In December 2025, Flávio Bolsonaro, senator of Rio de Janeiro and son of the imprisoned Jair Bolsonaro, announced his intended candidacy. Shortly after his announcement, he suggested dropping out of the campaign in return for favors, saying "There's a possibility I won't go all the way, ... have a price for that. I will negotiate." Many believed this meant that Bolsonaro was saying he would drop out of the election if his father was released from prison. Bolsonaro later retracted this statement saying that after speaking with his father, he would continue with his campaign.

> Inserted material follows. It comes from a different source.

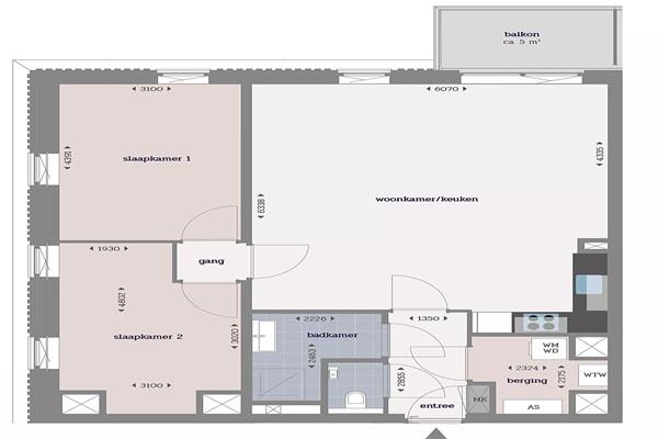 Het appartement beschikt over twee goed bemeten slaapkamers, beide met veel natuurlijk licht en flexibele indelingsmogelijkheden. De moderne badkamer is voorzien van een ruime douche en stijlvolle betegeling. Extra bergruimte bevindt zich in de hal. Daarnaast is er een aparte technische/bergruimte nabij de entree, waar het warmtepompframe, de WTW-installatie en de aansluitingen voor zowel een wasmachine als een droger zijn gesitueerd—ideaal om de woning netjes en opgeruimd te houden.

=== Corruption scandals ===
Part of the campaign's key issues were overshadowed by the advance of two ongoing investigations, which touched figures across all three branches of government and from parties across the spectrum — both government allies and the opposition — including presidential candidate Flávio Bolsonaro himself.

The first is the Banco Master scandal, which triggered a Central Bank intervention over suspected accounting fraud and misappropriation of funds. The case involves these figures' relationships with former banker Daniel Vorcaro, the institution's former controlling shareholder: senator Flávio Bolsonaro, Supreme Court Justice Alexandre de Moraes, senator Ciro Nogueira — who served as Chief of Staff (Casa Civil) under Jair Bolsonaro — and senator Jaques Wagner, then Lula government's leader in the Senate. All four appear in messages, contracts or dealings linked to Vorcaro, some already under direct investigation.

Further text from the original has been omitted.